# A New Daily Writer On 01-jan-2014 For Me



## Final Strut (Jan 3, 2014)

A call maker that I know heads out to the shop every year on January first and makes a new call for himself. This is a tradition that he has been carrying on for 15+ years.

When I was out freezing by tail off in the shop on the first and I noticed that my heater was starting to spit and sputter a little more as it fired up each time telling me that it was thirsty for more fuel I remembered this call maker's tradition and I told myself I had time for just one more pen for me.

I dug around through my call blanks in search of something that I had not turned before. I knew it would be going on a Jr. Gent so I wanted something a little nicer to compliment the hardware. My initial thought was chrome as I have never been a real big fan of gold anything. As I dug deeper and deeper in my box of blanks I came across a piece of Brown Mallee. This was the piece. Still convinced that I could fit this blank with chrome hardware I spun out the blank and put my standard 15 coats of CA on. As I put the chrome next to the finished barrels It became clear that this pen was going to be gold. This is now my new daily writer equipped with a blue Pilot G2 refill.
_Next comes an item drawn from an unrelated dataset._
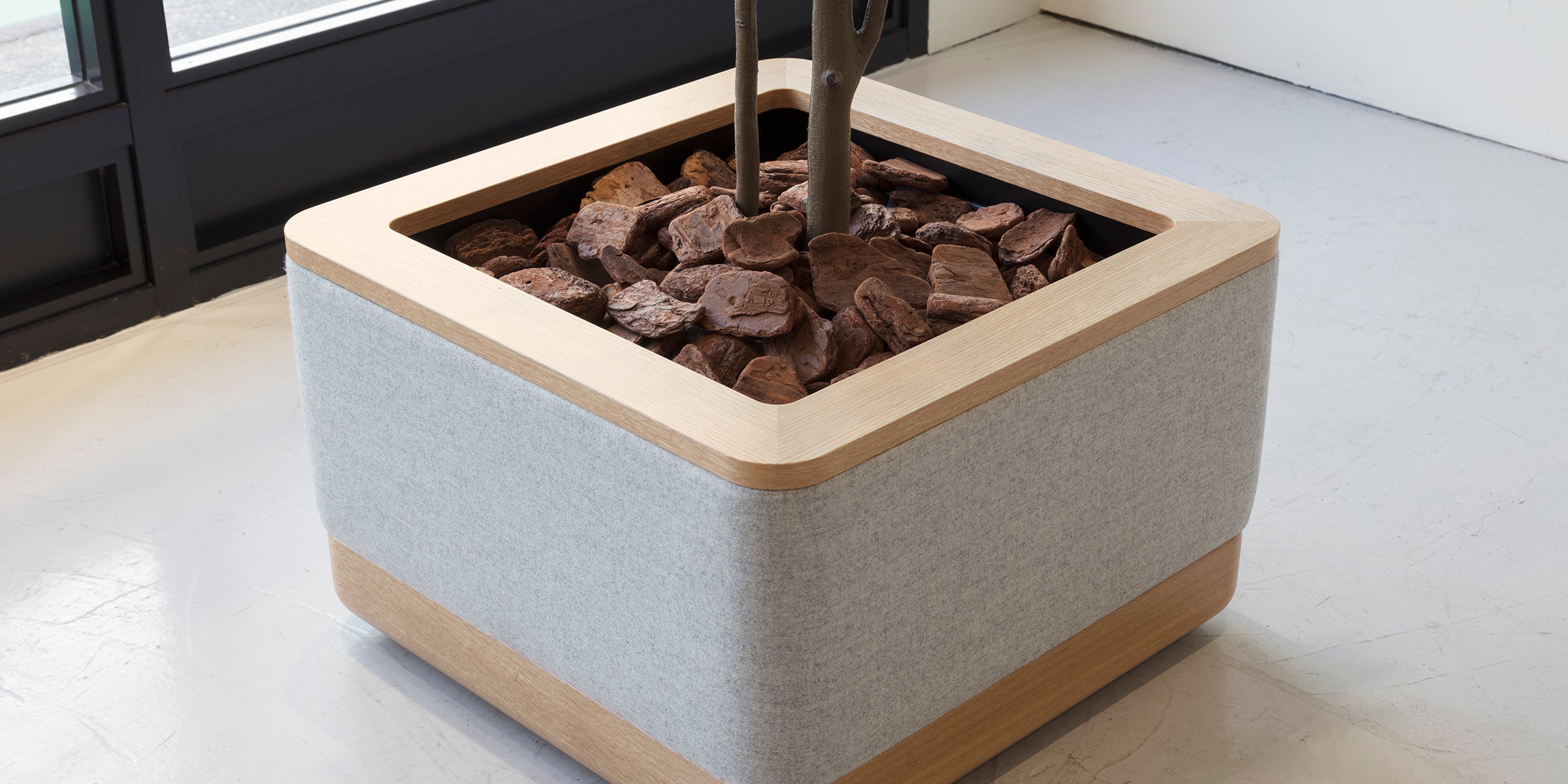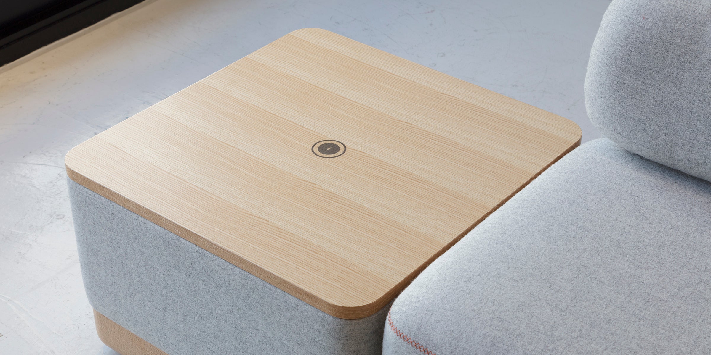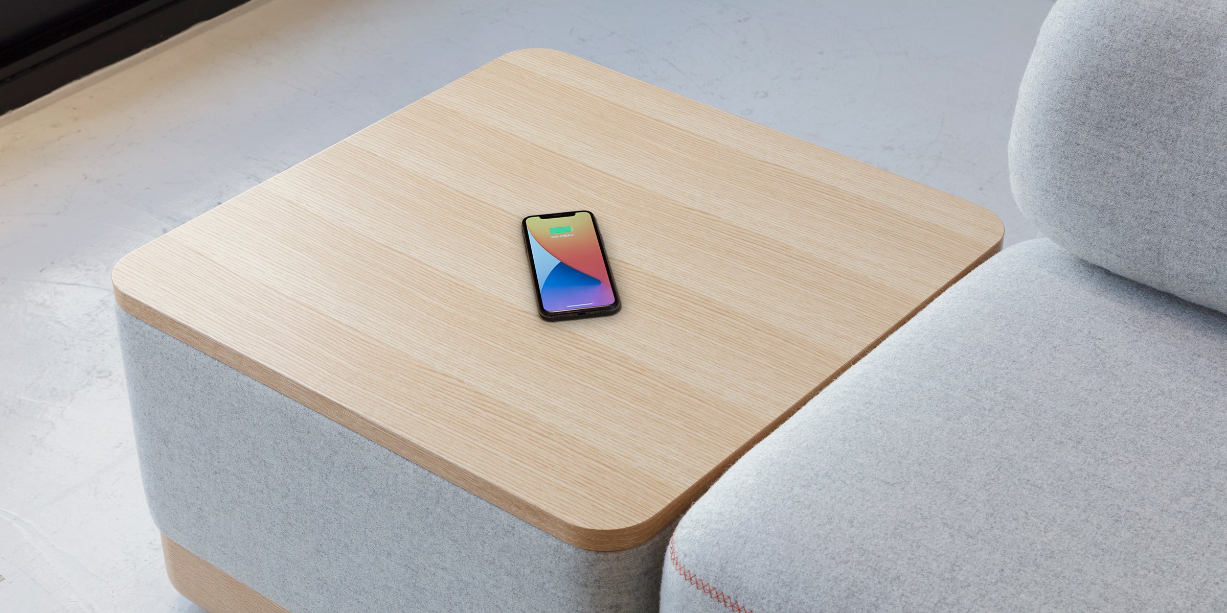 そのほかにも、良質なオーク材を使ったアームチェアやバースツール、包み込まれるようなデザインのラウンジチェア、キュートな形状のミーティングチェア、そして、世界的なデザインスタジオSTONE DESIGNSにデザインを依頼し、今年の5月に発表後大きな反響を頂いている「TOFFEE」に新しい追加ユニット「トフィ― エクストラユニット」シリーズをリリース致します。ワイヤレス充電を搭載したプランターユニット、テーブルユニット(パーティションあり、なし)の全3モデルで、中央の充電マークの上に置くと自動的に充電が開始されます(iOS、Androidスマートフォンに対応)。

Reactions: Like 7 | EyeCandy! 2


----------



## Schroedc (Jan 3, 2014)

Every time I make something for myself, either a customer sees it and wants it, or my wife takes it away from me :)

Reactions: Like 2


----------



## rdabpenman (Jan 3, 2014)

Looks great from here.
Great looking For, Fit and Finish.
Nice choice of components and plating to show off a nice looking piece of Aussie Brown Mallee.
Well done.

Les


----------



## ripjack13 (May 27, 2018)

Very cool. I have a buddy who wants a pen made using the pilot g2 ink. Did you have to modify anything on them?


----------



## Schroedc (May 27, 2018)

ripjack13 said:


> Very cool. I have a buddy who wants a pen made using the pilot g2 ink. Did you have to modify anything on them?
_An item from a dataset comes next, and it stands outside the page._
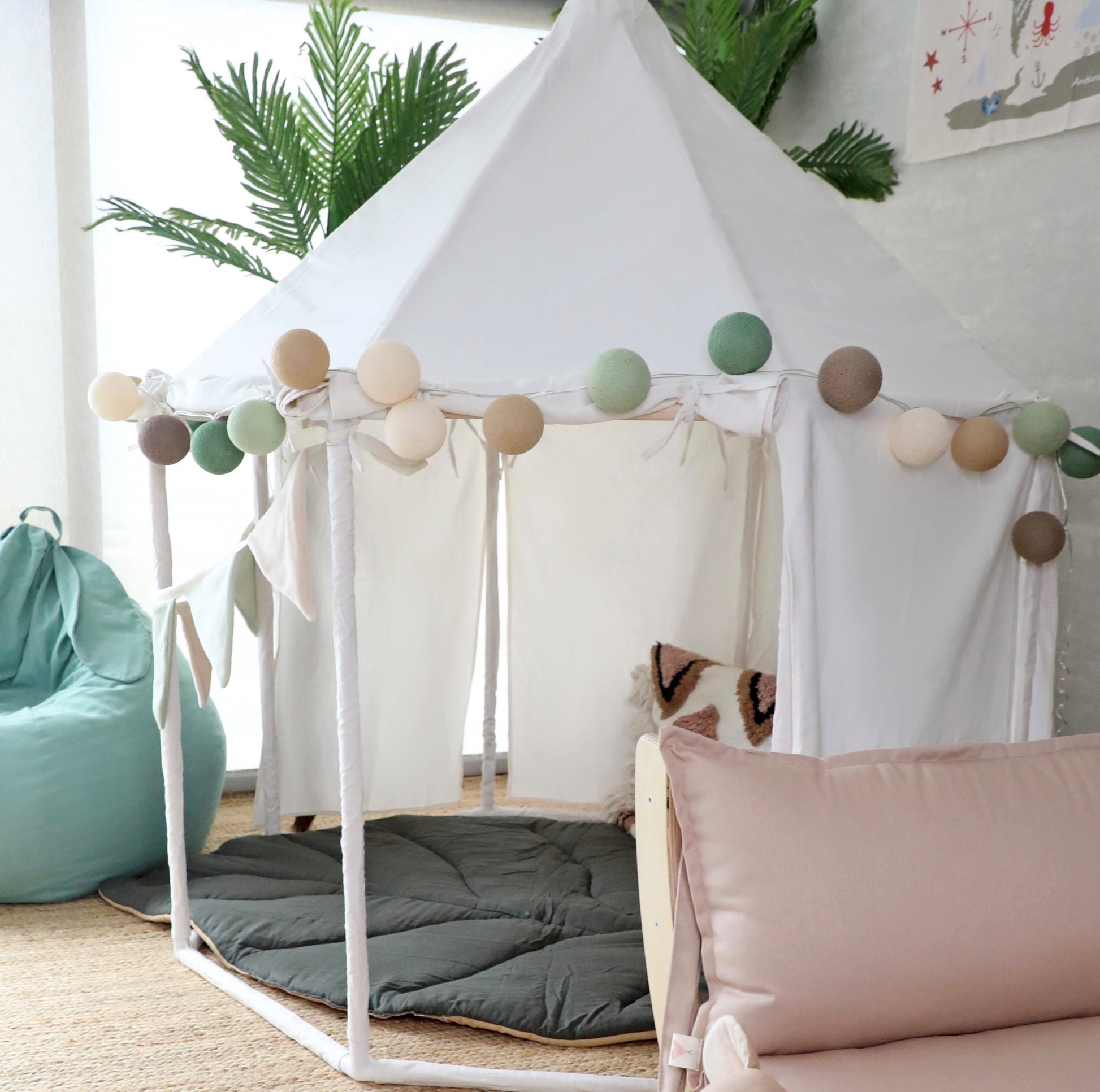 Fabulous, roomy and versatile Pavilion Play tent is a lovely addition to any playroom and guaranteed to provide hours of fun. Each of the side panels can be rolled up or down so you can choose to create an open play space or a cozy den, with plenty of room to invite friends! Use as a play house, shop or cozy hide out...the possibilities are endless! The soft neutral tone is a big hit with parents too.

Hope he sees this, Scott hasn't been on here in over a year


----------



## ripjack13 (May 27, 2018)

I know. I was hoping he would get the notification ....


----------



## ripjack13 (May 27, 2018)

Ima dummy. I thought that it said last month. Apparently this year is still 2018....not 2017 still....I'm confused. I'm going back to bed....
Derp....

Reactions: Funny 2


----------